Given records
┌────────

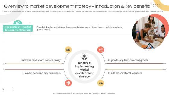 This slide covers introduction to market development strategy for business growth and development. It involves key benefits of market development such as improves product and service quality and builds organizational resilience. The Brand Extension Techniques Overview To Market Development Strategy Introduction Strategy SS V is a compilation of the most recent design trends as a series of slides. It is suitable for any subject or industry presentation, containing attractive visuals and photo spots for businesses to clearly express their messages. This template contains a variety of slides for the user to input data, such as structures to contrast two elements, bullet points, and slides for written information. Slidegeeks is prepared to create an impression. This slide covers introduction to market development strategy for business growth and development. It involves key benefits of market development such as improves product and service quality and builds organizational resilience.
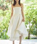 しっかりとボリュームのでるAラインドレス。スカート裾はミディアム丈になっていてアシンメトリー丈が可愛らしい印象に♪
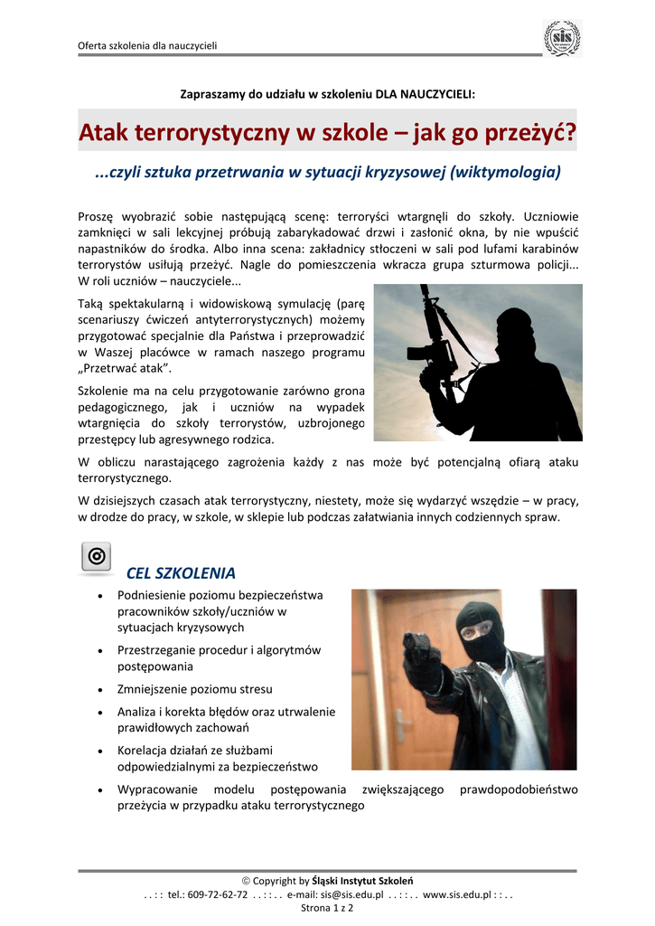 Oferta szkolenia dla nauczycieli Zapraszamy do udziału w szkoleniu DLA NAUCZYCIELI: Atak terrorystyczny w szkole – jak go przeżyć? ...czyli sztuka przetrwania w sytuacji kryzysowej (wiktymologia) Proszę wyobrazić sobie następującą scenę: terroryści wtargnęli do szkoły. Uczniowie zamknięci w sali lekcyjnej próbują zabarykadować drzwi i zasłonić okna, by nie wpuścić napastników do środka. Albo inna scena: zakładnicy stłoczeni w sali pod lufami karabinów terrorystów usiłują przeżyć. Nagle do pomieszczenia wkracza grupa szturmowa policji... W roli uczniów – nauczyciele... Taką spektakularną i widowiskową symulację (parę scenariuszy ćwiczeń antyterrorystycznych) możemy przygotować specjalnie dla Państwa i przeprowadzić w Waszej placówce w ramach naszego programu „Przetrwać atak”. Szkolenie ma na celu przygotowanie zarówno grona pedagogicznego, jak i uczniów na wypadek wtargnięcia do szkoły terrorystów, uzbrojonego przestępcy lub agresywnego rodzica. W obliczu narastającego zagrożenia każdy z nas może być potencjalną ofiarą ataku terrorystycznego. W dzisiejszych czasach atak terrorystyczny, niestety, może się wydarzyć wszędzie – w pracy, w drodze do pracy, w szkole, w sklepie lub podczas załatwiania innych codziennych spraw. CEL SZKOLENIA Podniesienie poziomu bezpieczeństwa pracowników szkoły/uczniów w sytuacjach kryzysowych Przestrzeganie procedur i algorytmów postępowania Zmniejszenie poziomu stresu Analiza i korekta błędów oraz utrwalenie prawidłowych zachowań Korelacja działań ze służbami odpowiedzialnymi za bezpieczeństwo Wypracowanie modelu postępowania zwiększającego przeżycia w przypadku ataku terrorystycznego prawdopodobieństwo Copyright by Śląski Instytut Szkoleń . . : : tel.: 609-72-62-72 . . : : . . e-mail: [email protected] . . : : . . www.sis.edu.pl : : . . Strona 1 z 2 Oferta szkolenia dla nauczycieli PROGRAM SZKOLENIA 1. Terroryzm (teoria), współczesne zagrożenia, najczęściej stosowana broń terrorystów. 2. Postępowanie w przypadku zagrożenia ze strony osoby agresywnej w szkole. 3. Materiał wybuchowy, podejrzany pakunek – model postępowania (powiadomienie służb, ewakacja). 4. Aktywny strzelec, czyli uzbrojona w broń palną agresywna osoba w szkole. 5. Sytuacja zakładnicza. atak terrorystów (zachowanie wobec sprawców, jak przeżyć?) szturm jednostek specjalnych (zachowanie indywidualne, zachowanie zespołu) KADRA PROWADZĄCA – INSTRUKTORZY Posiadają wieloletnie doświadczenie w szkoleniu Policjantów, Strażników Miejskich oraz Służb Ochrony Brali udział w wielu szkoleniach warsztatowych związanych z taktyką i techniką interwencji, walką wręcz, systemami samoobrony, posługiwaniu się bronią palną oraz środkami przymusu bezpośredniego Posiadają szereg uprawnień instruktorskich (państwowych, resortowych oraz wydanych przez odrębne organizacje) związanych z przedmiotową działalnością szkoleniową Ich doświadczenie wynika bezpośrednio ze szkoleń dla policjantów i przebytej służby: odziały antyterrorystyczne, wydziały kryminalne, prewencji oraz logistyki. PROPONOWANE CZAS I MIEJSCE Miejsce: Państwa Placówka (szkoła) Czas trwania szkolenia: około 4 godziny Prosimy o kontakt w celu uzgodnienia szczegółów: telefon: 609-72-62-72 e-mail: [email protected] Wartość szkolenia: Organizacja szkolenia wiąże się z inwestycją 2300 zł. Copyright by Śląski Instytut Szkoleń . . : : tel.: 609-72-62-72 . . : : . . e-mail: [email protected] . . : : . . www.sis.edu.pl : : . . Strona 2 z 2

└────────
┌────────

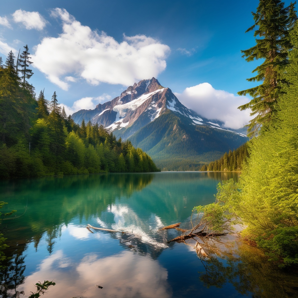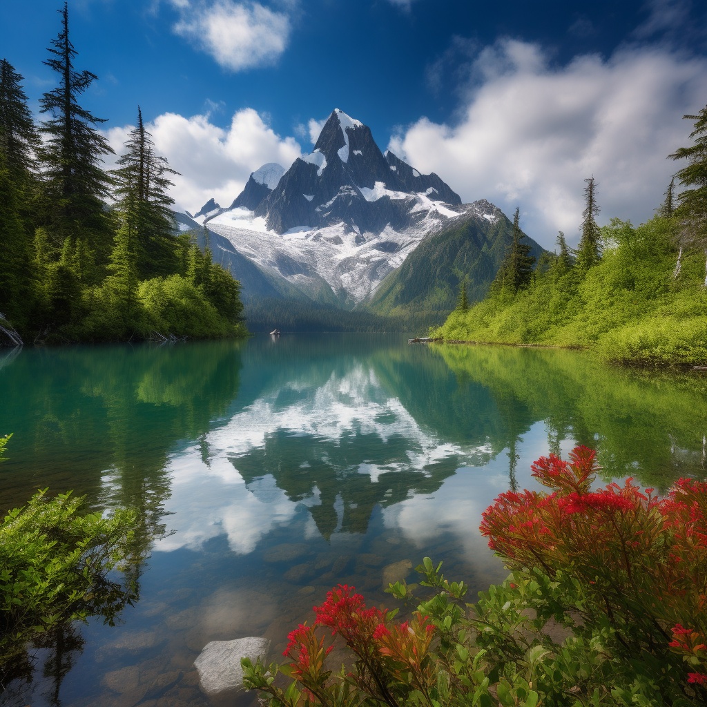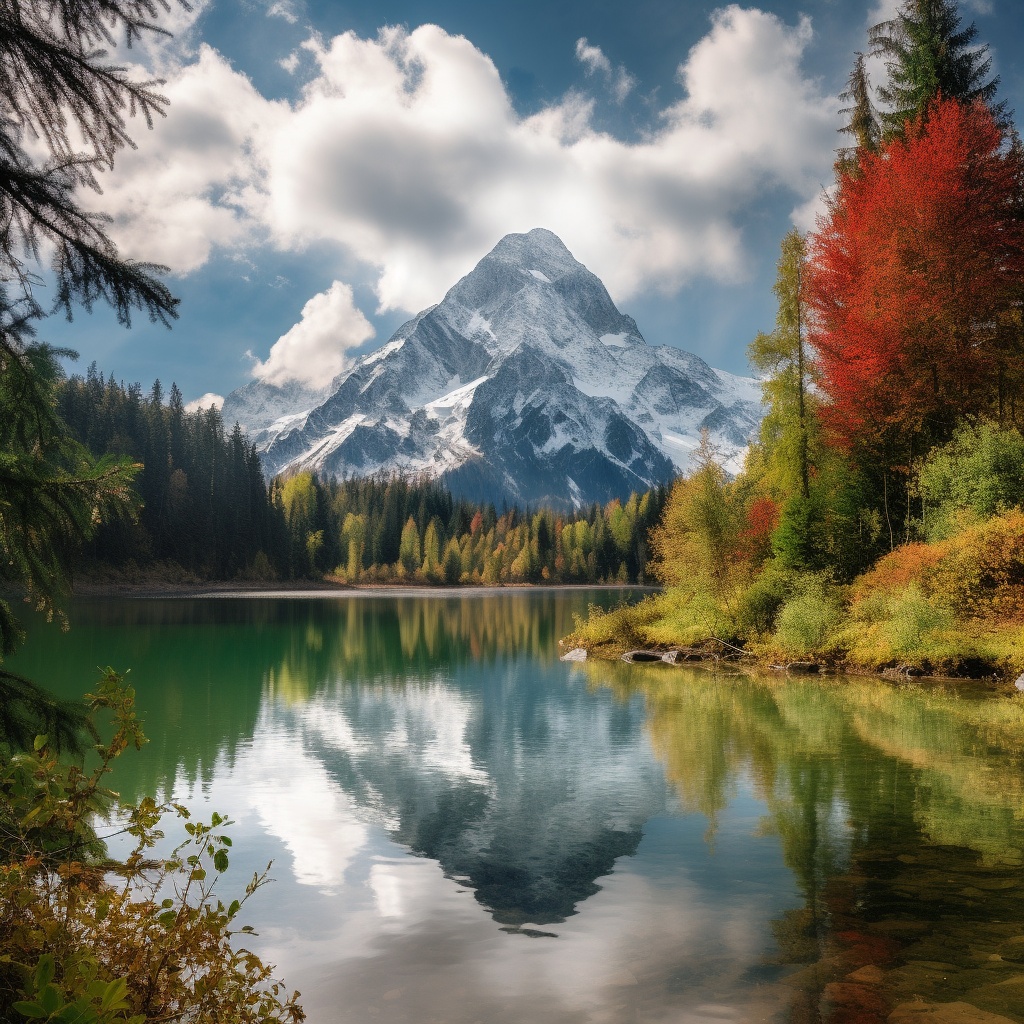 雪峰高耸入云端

└────────

Required action
Copy the lines above between the one holding "organizational resilience. The" and the one holding "しっかりとボリュームのでるA", inclusive. Drop the pictures.

Your solution
 This slide covers introduction to market development strategy for business growth and development. It involves key benefits of market development such as improves product and service quality and builds organizational resilience. The Brand Extension Techniques Overview To Market Development Strategy Introduction Strategy SS V is a compilation of the most recent design trends as a series of slides. It is suitable for any subject or industry presentation, containing attractive visuals and photo spots for businesses to clearly express their messages. This template contains a variety of slides for the user to input data, such as structures to contrast two elements, bullet points, and slides for written information. Slidegeeks is prepared to create an impression. This slide covers introduction to market development strategy for business growth and development. It involves key benefits of market development such as improves product and service quality and builds organizational resilience.
 しっかりとボリュームのでるAラインドレス。スカート裾はミディアム丈になっていてアシンメトリー丈が可愛らしい印象に♪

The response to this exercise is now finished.